## Your objective
Lines with "Biltmore" in them are to be located in the listing below and copied.

##########

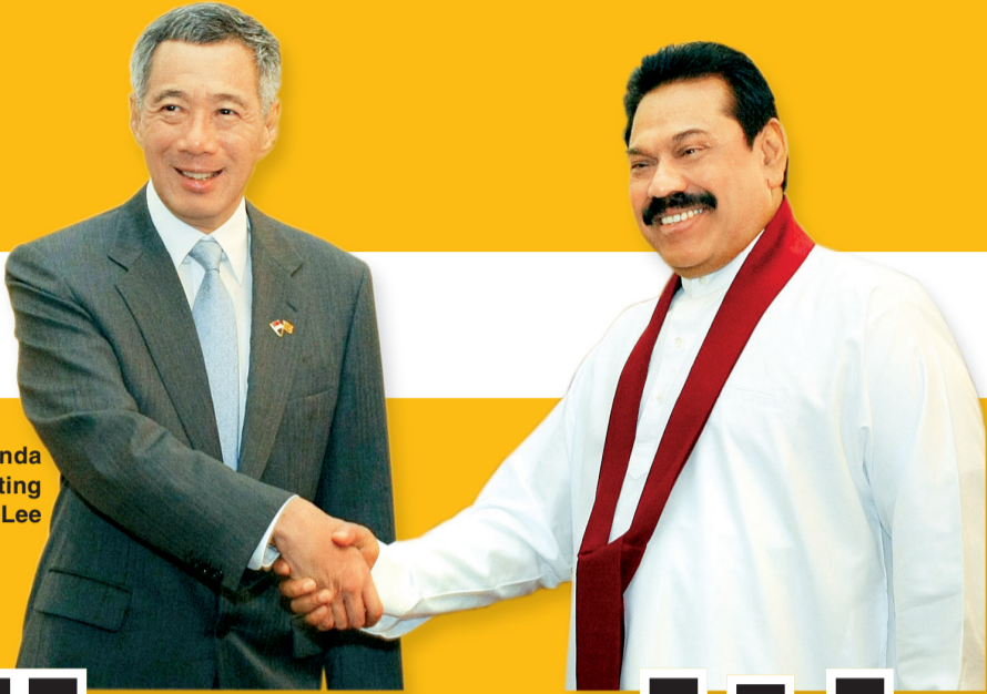
President Mahinda Rajapaksa meeting Prime Minister Lee Hsien Loong
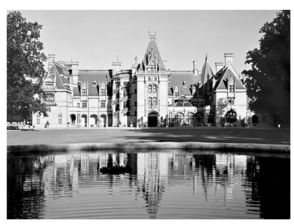
Biltmore House, late 1980s.

Architect Richard Morris Hunt, designer of New York's Tribune Building and the base of the Statue of Liberty, modeled Biltmore Village after a Swiss village.
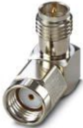
Antenna adapter, frequency range: 0.3 GHz ... 6 GHz, connection: RSMA (male) -> RSMA (female), 90° angled

Please be informed that the data shown in this PDF Document is generated from our Online Catalog. Please find the complete data in the user's documentation. Our General Terms of Use for Downloads are valid ( http://phoenixcontact.com/download )
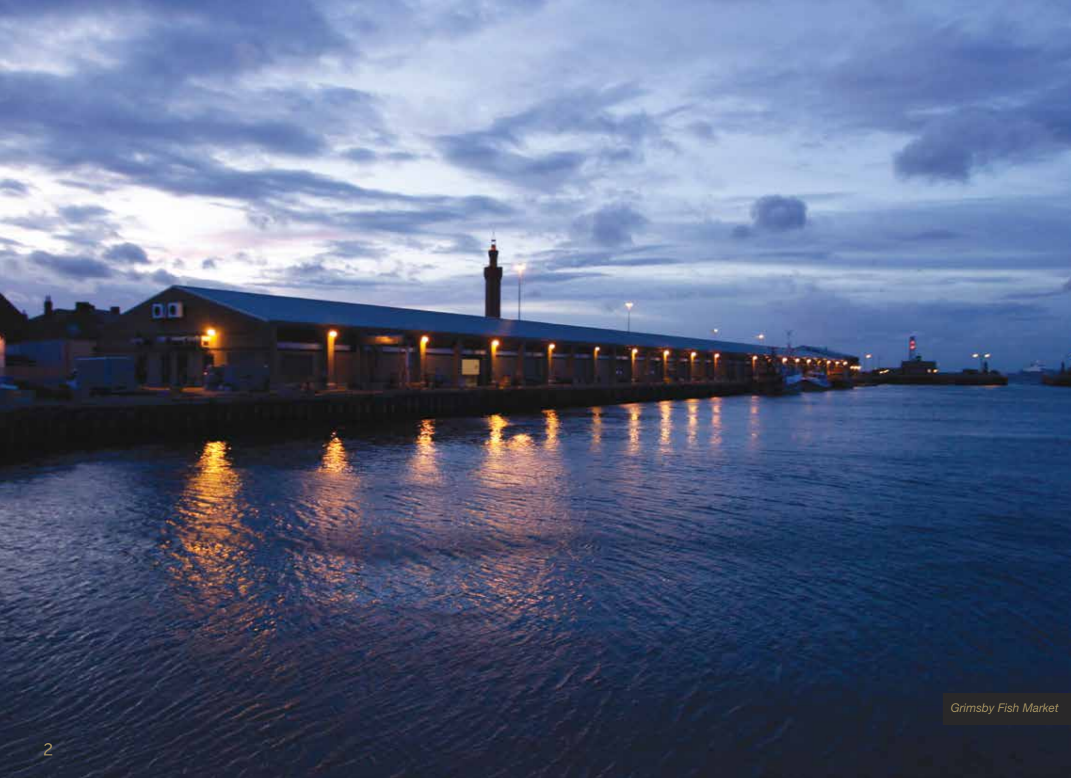
Grimsby Fish Market
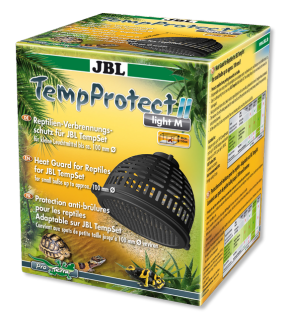
JBL TempProtect II light Reptile thermal burn protection for JBL TempSet items
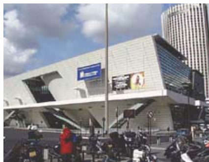
Palais des Congrès

The Paris meeting will be, by far, the largest ASA meeting in history, with over 3500 papers in 265 sessions. The previous record was actually set at the Berlin meeting, where 1955 papers were presented. Fortunately, the city of Paris is well equipped to handle a meeting of this size. The venue will be the Palais des Congrès, near the center of Paris, a modern conference center with high-quality lecture halls for oral presentations and abundant space for posters. The center also includes shops, cafes, and space to just hang out. The Palais des Congrès is just a few blocks from Étoile (Place Charles-de-Gaulle) the amazing conjunction of twelve major avenues at Napoleon's Arch of Triumph.
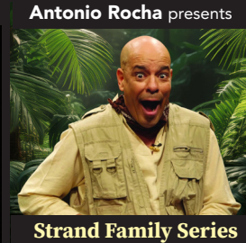
JUNGLE TALES March 8
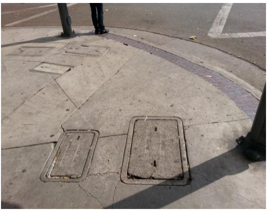
CD 14 - Central LAPD
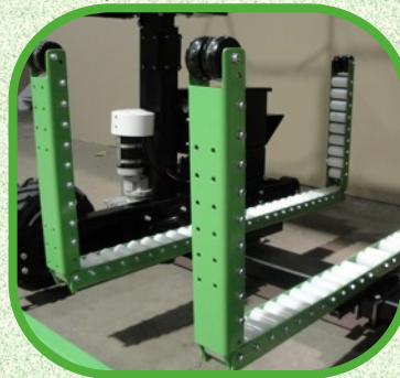
Spring loaded bin carrier - easy on, easy off.
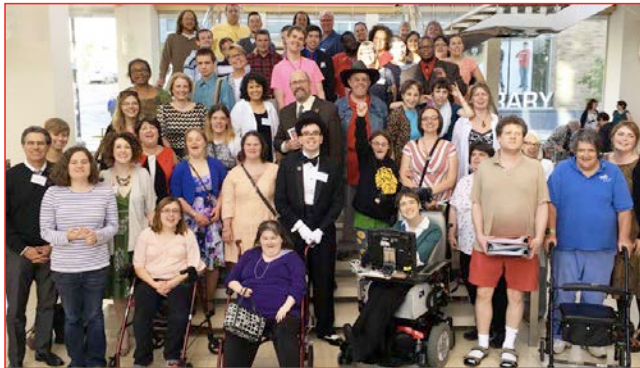
We took Art Working artists, Cutting-Edge students, Middleton High School Transition classes, and individuals from the organization LOV-Dane on three different evenings. What an experience for all!!

Our premier theater experience of 2016 was taking over 150 individuals with disabilities, along with their mentors, to see The Lion King at the Overture Center for the Arts. I'm not sure what captivated our audience the most. The music? The story? Seeing the animal characters such as the elephants, the lions and the gazelles come to life? Perhaps it was the vivid colors and dramatic stage creations? Most certainly the story gripped everyone in their heart and had us both laughing and moved to tears. But the highlights continued after the show because one of the dancers from The Lion King , who performed a number

##########

## Completed exercise
Biltmore House, late 1980s.
Architect Richard Morris Hunt, designer of New York's Tribune Building and the base of the Statue of Liberty, modeled Biltmore Village after a Swiss village.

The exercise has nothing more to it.